Peristiwa dugaan pelanggaran ini terjadi di Desa Margamulya Kecamatan Bongas Kabupaten Indramayu.

Imron, salah seorang warga Desa Margamulya Kecamatan Bongas saat ditemui di rumahnya , Selasa (31/8/2021) menuturkan, dirinya baru pertama kali menerima KKS yang dibagikan di Kecamatan Bongas. Kemudian KKS yang dia terima diminta oleh Ketua RT untuk dikumpulkan karena akan segera dicairkan. Setelah itu dirinya mengambil sendiri bahan- bahan sembako tersebut ke rumah Ketua RT pada hari Minggu (29/8/2021) dengan membawa 6 karung beras, 1 kantung plastik daging ayam, telor ayam sekitar 75 butir, 4 bungkus kacang tanah dan buah- buahan.

Selang berapa lama, kata Imron, Ketua RT tersebut mendatangi rumahnya dan meminta 1 karung beras yang dia terima dengan alasan untuk dibagikan kepada orang jompo di wilayah RT tersebut. Imron pun memberikannya karena alasan tersebut.

“RT datang meminta 1 karung beras, katanya untuk dibagikan kepada orang jompo, jadi saya kasihkan,” ungkap Imron.

Berbeda dengan yang dialami Dapin warga Desa Margamulya namun beda RT menuturkan, dirinya menerima kartu KKS yang dibagikan di kantor Kecamatan Bongas namun sepulangnya di rumah, KKS miliknya langsung diminta oleh Ketua RT dengan alasan akan segera dicairkan. Dapin pun menyerahkan KKS tersebut. Dan selang beberapa hari, kata Dapin, dia diberi kabar untuk mengambil paket sembako di rumah ketua RT dengan diminta uang sebesar Rp50 ribu dan Dapin pun memberikan uang senilai yang diminta oleh ketua RT tersebut.

“Saya sendiri belum tahu PIN KKS milik saya, tapi sudah dikumpulkan oleh RT dan saya mengambil sendiri bahan sembako ke rumah RT dan dimintai uang sebesar Rp 50 ribu,” terang Dapin.

Sementara itu, salah seorang ketua RT yang dimaksud oleh Dapin dan berhasil ditemui mengatakan, dirinya tidak menentukan besaran uang yang  dia terima dari para penerima manfaat. Menurutnya hanya sekedar pengganti bensin karena bahan sembako yang dia bagikan sebelumnya diangkut dari agen ke rumahnya menggunakan kendaraan.
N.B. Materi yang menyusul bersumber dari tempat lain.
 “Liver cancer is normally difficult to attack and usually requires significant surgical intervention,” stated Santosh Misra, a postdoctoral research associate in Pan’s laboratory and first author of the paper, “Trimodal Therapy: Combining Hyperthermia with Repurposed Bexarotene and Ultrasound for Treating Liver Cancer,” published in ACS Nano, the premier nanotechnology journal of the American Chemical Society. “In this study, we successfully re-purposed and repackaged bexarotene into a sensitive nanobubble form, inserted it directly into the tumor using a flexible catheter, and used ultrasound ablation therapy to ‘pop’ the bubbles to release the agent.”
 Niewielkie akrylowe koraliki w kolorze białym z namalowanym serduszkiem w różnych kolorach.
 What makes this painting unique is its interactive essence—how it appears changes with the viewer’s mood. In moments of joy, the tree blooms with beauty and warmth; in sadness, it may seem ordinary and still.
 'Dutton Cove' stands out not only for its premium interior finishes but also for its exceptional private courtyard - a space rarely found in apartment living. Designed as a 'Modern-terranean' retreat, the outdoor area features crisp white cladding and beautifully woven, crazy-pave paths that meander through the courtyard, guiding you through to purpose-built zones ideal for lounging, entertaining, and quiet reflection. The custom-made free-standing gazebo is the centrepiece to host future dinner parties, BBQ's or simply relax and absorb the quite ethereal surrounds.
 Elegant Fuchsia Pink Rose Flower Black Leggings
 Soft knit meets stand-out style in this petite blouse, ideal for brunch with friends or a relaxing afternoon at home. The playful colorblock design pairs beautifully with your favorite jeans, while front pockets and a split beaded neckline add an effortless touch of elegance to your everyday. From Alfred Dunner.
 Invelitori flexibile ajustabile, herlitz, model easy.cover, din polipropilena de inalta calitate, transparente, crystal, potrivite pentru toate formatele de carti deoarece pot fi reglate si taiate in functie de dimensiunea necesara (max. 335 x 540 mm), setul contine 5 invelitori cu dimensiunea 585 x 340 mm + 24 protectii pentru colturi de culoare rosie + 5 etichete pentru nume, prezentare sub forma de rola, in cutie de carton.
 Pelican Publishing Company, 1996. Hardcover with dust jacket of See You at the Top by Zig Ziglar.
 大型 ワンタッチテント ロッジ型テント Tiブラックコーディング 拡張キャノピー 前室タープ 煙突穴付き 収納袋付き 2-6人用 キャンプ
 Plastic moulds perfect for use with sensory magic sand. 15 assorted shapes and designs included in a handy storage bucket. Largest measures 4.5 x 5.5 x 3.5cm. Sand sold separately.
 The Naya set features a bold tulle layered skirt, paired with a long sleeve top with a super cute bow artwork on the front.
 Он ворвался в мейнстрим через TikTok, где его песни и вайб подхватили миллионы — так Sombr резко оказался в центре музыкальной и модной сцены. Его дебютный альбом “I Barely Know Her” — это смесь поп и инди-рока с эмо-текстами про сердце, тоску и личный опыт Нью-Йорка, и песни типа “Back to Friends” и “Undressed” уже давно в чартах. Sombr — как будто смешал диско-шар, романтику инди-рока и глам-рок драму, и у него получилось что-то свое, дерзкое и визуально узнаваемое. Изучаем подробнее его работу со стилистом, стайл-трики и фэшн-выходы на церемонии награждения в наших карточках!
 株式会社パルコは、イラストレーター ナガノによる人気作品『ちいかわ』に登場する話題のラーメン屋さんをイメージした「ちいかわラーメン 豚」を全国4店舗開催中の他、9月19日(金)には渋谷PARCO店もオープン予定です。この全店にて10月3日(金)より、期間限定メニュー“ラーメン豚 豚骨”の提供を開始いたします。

“Saya tidak pernah memaksa untuk meminta uang, kisarannya berbeda- beda bahkan ada juga yang tidak kasih uang ke saya, biasanya yang sudah – sudah mereka memberi uang Rp 10 ribu untuk pengganti ongkos angkut dari tempat agen ke rumah saya,” ujar Hanah, Ketua RT 08 Desa Margamulya.

Di tempat terpisah, Aminudin TKSK Kecamatan Bongas saat ditemui mengatakan, dirinya semenjak awal pendampingan penyaluran program BPNT tidak pernah menganjurkan untuk pengkondisian dan  pengumpulan KKS, apalagi sekarang ada surat edaran dari Bupati Indramayu dan terus disosialisasikan. Mengenai adanya pemotongan dan pungutun yang dilakukan oleh oknum tertentu, Aminudin mengatakan dirinya  tidak mengetahui persoalan tersebut.

“Penyaluran BPNT di Kecamatan Bongas biasanya dilaksanakan secara serentak, sedangkan di Kecamatan Bongas ada 8 Desa, jadi untuk monitoring kegiatan itu saya hanya beberapa agen yang bisa terkontrol,” jelas Aminudin.

Menyikapi adanya informasi tersebut, Aminudin berjanji akan mengevaluasi dan akan berkomunikasi dengan tim pelaksana di Desa terutama Kuwu. Sedangkan mengenai keberadaan agen di Desa Margamulya yang sekarang menjabat Kuwu, Aminudin sudah berkomunikasi dengan yang bersangkutan dan menjelaskan sudah diproses untuk pengalihan agen kepada anaknya.

Saat awak media berusaha untuk meminta keterangan dari Kuwu Margamulya, yang bersangkutan sedang tidak berada di Kantor Desa dan hanya bertemu dengan Juru Tulis Desa Margamulya. (Gunawan).